This section describes the results of training data cross-validation using all the features of the dataset, and the combination of features that yielded the best classification performance. We also present the results for the three classification scenarios involving the three wells (Fig. 6) using the GNB and SVM models.

GNB Performance

We conducted an ANOVA to compare different combinations of features and the performance of the GNB model under 5-fold cross-validation. The results of this analysis are presented in Tables II and III.

Table II
ANOVA performed on the features (Depth, K, U, Th, Total GR and UCS), sorted by decreasing p values.
Table III
Feature combinations and their respective mean accuracy, precision, recall, and F1 score in the cross-validation of GNB classification.

The cross-validation results for the GNB model based on the Depth, K, and U features are shown in Fig. 8.

Figure 8
5-fold cross-validation for the GNB model based on the Depth, K, and U features.

Figure 9 shows the means and standard deviations obtained by 5-fold cross-validation with the three training sets for both cases: using all features, and using the best configuration of features.

Figure 9
Means and standard deviations of the cross-validation (k-fold = 5) for the GNB models with all features and best features in the training sets.

Figure 10 shows the classifications obtained by each GNB model considering the test data, according to the configuration described in Fig. 7.

Figure 10
Results of the GNB models with the three test sets, for all features and for the best configuration of features.

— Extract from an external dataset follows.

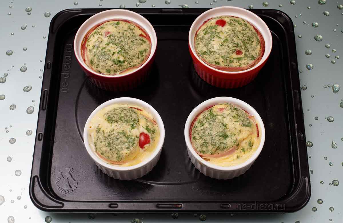 9. Маленькие формочки удобно сначала поставить на один большой противень, а затем отправить его в разогретую до 180°С духовку, где порционные омлеты будут запекаться в течение 30 минут.
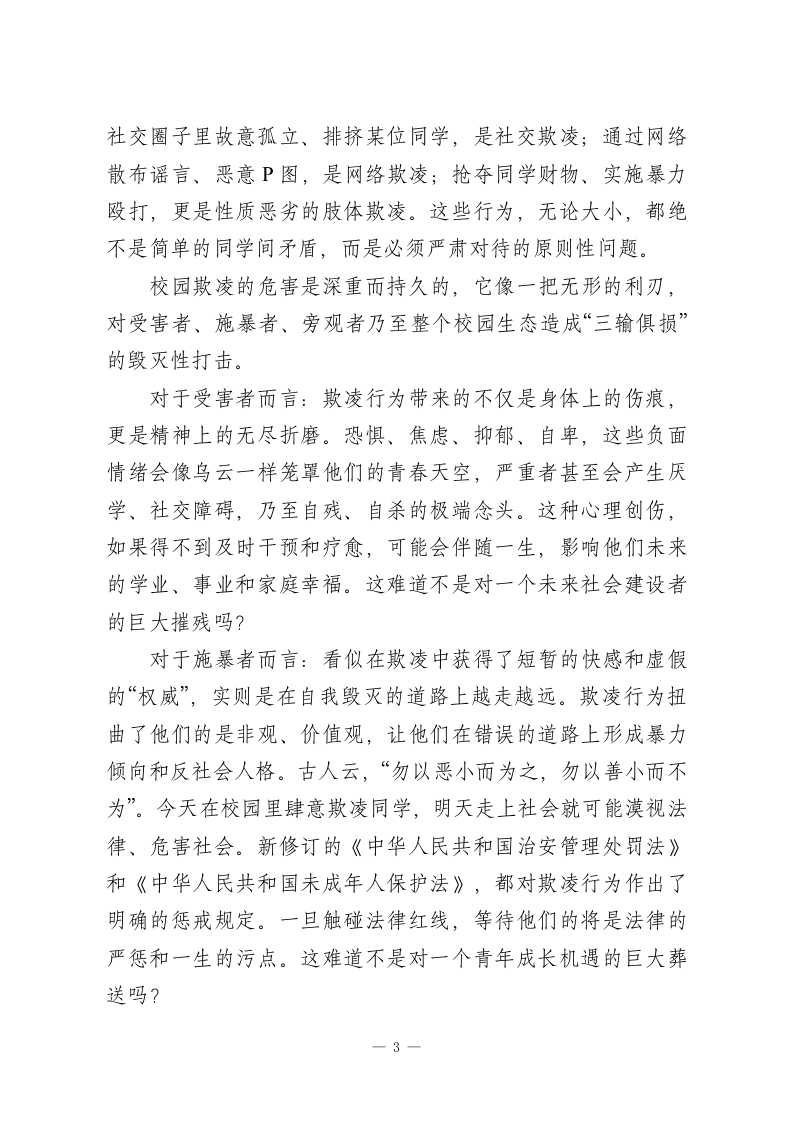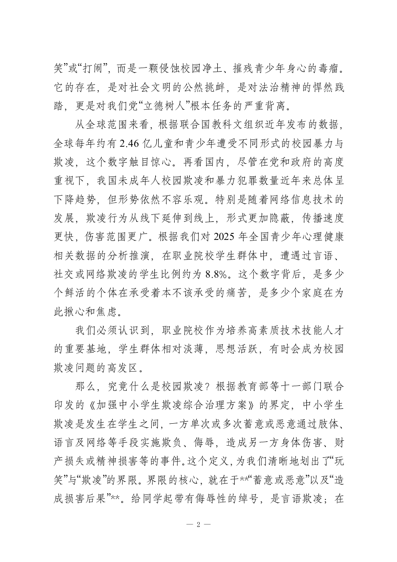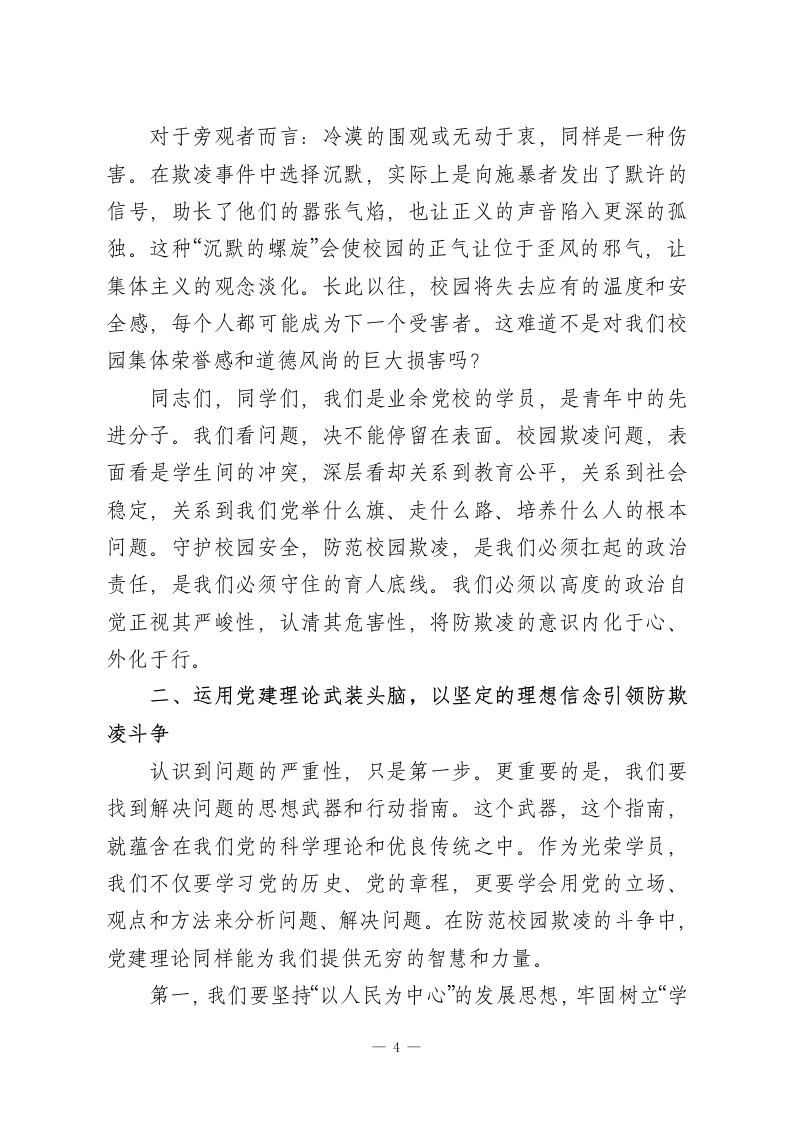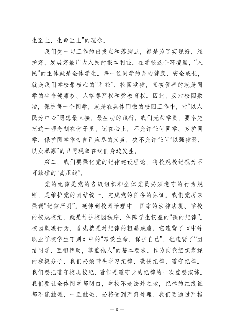 党课:筑牢思想防线勇担时代使命坚决向校园欺凌亮剑同志们,同学们:今天,我们XX职业中专青马工程培训班暨本期业余党校的全体学员汇聚一堂,举行这次专题党课,意义非凡。我们今天不谈空泛的理论,而是要聚焦一个与我们在座每一位同学的健康成长、与我们校园的和谐稳定、与我们国家未来的建设者和接班人培养息息相关的严肃课题一一拒绝校园欺凌,向校园欺凌亮剑。在座的各位,是经过层层选拔的学生骨干,是积极向党组织靠拢的先进分子,是未来肩负起民族复兴大任的青年马克思主义者。党的性质、党的宗旨、党的优良传统,就是在每一件具体的事、每一次具体的行动中,被人民所感知、所认同、所拥护的。因此,将防范校园欺凌这一议题纳入党课,不是小题大做,更不是偏离主题,而是要从讲政治、讲大局、讲担当的高度,深刻认识这一问题的本质,淬炼我们青年学子的思想武器,明确我们肩负的光荣使命。这既是落实教育部“健康第一”教育理念和“强化生命安全教育”重点任务的必然要求,更是我们用实际行动践行党的宗旨、守护青年成长的生动实践。今天,我将围绕三个方面,与大家进行深入的交流和探讨。一、深刻认识校园欺凌的严峻性与危害性,以高度的政治自觉筑牢安全底线首先,我们必须清醒地认识到,校园欺凌绝非无伤大雅的“玩1

Figure 11 shows the confusion matrices used to analyze the performance of the three model configurations, for petrofacies classification.

Figure 11
Confusion matrices of the GNB models for the three classification sets. Top: model that used all features. Bottom: model that used the best features. Petrofacies dictionary: 1-GLLCV, 2-YLL, 3-GLLVUG, 4-GLL, 5-YLLCON, 6-YLLLB, 7-YLLCV, and 8-YLLGP.

SVM Performance

We processed the SVM models using the same procedures for feature selection as used for the GNB models, and the five best mean results are shown in Table IV, sorted by F 1 score.

Table IV
Feature combinations and respective means of accuracy, precision, recall, and F1 score, from SVM processing.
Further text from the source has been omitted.